84 more Fukushima cows found shipped
Cattle fed contaminated hay sent to five prefectures
A further 84 cows shipped from five beef cattle farms in Fukushima Prefecture were fed with hay containing high levels of radioactive cesium, the prefectural government said Saturday.
|Hay buffet: Cattle are fed Saturday at a farm in the town of Miharu, Fukushima Prefecture, after checks confirmed the hay was not contaminated with radioactive cesium. KYODO PHOTO|
The cows were shipped between March 28 and July 13 to slaughterhouses in five prefectures — Miyagi, Fukushima, Yamagata, Saitama and Tokyo — and the Fukushima Prefectural Government has asked municipalities to check whether that meat has been distributed.
Fifty-three of the cows were sent to Tokyo, 19 to Fukushima Prefecture, eight to Kawaguchi in Saitama Prefecture, two to Yamagata Prefecture and two to Sendai in Miyagi Prefecture.
The latest findings surfaced during a survey of farms the prefecture started July 11, after a farm in Minamisoma was found to have fed cows with hay containing radioactive cesium far above the government’s limit of 500 becquerels per kg.
According to the prefectural government, the 84 cows were raised at five farms in the cities of Koriyama, Kitakata and Soma, and were fed with hay that farmers cut from rice paddies after the March 11 earthquake and tsunami triggered the nuclear crisis at the Fukushima No. 1 power plant.

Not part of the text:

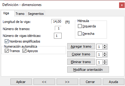 En la parte inferior del cuadro de diálogo hay campos de selección que permiten activar la numeración automática de apoyos y tramos. Si estas opciones están activadas, el programa asignará automáticamente nombres a los sucesivos tramos y apoyos definidos; si las opciones no están activadas, es posible asignar nombres propios a los tramos/apoyos en la ficha Tramo.

Hay remaining at a Koriyama farm was found to be contaminated with a level of cesium measuring 500,000 becquerels per kg.
The farmers involved told Fukushima authorities that they were unaware of the central government’s instruction issued March 19 that farm animals should not eat feed kept outdoors during the nuclear crisis.
An official from the Fukushima Prefectural Government’s farm department said at a news conference that the local municipality failed to properly convey the instructions to farmers. “We will reflect on it,” the official said.
Meanwhile, the survey also found that meat from 42 cows shipped from a farm in Asakawa, Fukushima Prefecture, where hay fed to cows was also found to be contaminated with high levels of radioactive cesium, has been distributed to at least 30 prefectures.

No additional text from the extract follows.